Have 4-500wt halogen on 4 poles around a play-slab. Can't keep them from burning out within less than a month or two. Ideas for similar or brighter lumen metal halides or ???


----------



## jrmcferren (Aug 27, 2012)

okkampguy said:


> Have 4-500wt halogen on 4 poles around a play-slab. Can't keep them from burning out within less than a month or two. Ideas for similar or brighter lumen metal halides or ???



The least expensive option would be to find 130 volt halogen bulbs. This reduces the temperature of the filament and increases life. Life more than doubles when operating a 130 volt bulb on 120 volts. The bulbs will be a bit dimmer and will be a bit less efficient due to being underdriven.


----------



## electromage (Sep 2, 2012)

Depending on your budget and DIY skills, you might have a few options. If you've got a few thousand dollars to spend, you could get some big Rigid Industries lights, and wire them to a 12V DC power supply.

You could also take apart the halogen floodlights and mount some Bridgelux arrays inside, with high power LED drivers, and A LOT of cooling.


----------



## Anders Hoveland (Sep 8, 2012)

If you know where to look, you can find find a 100 watt LED chip with heat sink and power supply, all for under 100 dollars.


----------



## mattheww50 (Sep 8, 2012)

If color rendition isn't an issue and you are not on a tight budget, I would replace the lamps/fixtures with outdoor High Pressure Sodium lamps. HPS lamps have very high efficiency (typically close to 100 lumens/watt) and very long life. IF you use these lights extensively, the lower electrical consumption and longer life of the lamps will go a long way toward covering the costs. While 70 watt HPS lamps would have less output than your current 500 watt halogens. 100 watt HPS lamps would have close to the output of your 500 watt halogens, however 100 watt outdoor fixtures are more difficult to find and more expensive than 70 watt fixtures. Years ago I replaced a pair of 300 watt Halogens lighting the front of my house with 70 watt HPS lamps. Big savings on electricity, huge increase in lamp life.

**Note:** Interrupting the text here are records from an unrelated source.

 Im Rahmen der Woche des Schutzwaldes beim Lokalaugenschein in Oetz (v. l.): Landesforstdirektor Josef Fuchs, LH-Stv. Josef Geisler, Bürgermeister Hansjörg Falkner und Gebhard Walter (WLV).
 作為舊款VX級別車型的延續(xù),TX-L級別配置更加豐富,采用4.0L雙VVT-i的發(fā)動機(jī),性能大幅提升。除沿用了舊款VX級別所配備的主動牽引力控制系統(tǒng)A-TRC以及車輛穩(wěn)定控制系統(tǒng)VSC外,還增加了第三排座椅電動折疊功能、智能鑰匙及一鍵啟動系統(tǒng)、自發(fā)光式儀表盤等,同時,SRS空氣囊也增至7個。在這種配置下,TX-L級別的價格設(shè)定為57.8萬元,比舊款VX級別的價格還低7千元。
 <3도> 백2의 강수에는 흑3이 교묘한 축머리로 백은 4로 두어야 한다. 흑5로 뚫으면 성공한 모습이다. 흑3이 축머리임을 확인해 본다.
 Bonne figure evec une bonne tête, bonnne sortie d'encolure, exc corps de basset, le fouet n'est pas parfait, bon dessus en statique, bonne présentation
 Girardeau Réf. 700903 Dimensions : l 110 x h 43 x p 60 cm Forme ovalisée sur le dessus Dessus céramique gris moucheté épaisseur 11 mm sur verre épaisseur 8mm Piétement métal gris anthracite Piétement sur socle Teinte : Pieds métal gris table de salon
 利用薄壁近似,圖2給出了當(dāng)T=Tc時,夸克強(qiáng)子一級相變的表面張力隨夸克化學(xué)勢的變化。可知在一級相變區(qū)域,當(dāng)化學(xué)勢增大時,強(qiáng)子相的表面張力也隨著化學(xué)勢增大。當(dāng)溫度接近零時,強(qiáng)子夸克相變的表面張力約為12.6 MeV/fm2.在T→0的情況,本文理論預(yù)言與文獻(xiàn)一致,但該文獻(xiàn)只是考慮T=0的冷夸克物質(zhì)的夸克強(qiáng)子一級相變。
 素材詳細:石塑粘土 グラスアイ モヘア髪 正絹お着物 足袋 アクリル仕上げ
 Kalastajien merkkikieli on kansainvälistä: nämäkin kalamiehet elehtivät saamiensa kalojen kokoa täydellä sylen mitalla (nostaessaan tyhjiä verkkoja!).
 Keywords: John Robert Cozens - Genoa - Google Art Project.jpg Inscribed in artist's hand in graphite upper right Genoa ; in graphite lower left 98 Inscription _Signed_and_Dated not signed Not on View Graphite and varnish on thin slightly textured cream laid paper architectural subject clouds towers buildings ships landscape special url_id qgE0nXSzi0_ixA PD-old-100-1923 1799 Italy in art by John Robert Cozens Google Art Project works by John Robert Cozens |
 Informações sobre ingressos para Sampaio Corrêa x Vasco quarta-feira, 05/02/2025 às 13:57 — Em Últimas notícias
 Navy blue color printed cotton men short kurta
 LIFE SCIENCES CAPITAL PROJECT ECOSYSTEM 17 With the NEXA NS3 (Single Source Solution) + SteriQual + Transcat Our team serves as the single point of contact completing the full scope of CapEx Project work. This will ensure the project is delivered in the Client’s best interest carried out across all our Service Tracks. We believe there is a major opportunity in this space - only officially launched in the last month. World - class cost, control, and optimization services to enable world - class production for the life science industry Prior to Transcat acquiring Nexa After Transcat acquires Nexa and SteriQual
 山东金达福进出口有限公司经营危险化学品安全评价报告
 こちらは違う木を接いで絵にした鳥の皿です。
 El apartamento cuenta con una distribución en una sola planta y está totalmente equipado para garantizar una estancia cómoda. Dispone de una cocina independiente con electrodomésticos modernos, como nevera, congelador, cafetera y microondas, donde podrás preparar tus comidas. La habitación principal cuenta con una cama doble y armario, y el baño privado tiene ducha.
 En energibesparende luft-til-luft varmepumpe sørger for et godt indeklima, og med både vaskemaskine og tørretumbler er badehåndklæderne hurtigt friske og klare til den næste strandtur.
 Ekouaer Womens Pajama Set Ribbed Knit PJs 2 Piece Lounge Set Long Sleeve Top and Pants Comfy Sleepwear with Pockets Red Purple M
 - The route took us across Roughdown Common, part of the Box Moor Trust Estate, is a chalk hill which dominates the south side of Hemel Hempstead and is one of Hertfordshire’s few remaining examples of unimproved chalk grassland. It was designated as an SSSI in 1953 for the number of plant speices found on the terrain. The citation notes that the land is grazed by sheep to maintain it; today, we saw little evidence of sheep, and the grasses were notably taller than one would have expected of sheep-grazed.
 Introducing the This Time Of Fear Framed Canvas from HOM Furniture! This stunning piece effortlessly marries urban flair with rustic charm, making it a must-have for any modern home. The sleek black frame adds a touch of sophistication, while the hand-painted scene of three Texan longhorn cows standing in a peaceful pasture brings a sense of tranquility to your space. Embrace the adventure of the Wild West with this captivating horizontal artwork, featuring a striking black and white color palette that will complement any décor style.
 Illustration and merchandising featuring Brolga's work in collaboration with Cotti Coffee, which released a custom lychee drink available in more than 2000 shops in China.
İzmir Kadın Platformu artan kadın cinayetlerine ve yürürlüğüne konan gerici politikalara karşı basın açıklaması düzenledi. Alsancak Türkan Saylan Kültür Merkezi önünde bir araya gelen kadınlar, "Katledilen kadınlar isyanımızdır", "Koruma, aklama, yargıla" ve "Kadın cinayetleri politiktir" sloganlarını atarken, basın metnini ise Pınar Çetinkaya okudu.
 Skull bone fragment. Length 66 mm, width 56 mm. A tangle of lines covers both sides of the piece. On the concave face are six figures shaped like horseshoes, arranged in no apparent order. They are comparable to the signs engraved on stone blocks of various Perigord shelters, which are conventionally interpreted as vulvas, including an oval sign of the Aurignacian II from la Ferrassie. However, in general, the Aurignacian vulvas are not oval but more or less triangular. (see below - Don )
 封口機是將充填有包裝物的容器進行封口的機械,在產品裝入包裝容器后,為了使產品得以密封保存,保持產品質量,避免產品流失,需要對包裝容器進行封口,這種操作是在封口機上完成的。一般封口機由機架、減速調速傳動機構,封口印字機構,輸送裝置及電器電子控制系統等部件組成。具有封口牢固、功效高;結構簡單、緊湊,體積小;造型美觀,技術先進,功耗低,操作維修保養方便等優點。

There are three downsides: The fixture/ballast is fairly expensive. The color rendition is poor, and it takes a couple of minutes for them to reach full output. 

The other choice is to use 175 watt Metal Halide lamps such as GE mutli-Vapor lamps. These are also close to 100 lumens per watt, you can get reasonably good color rendition (CR 75 typically).
The bad news is cost and these lamps take even longer than HPS to reach full output. The other potential issue is they must be placed high enough to insure that the cover glass cannot
be hit/broken from the ground. UV output from these lamps can be substantial, and the fixture enclosure provides UV protection.


----------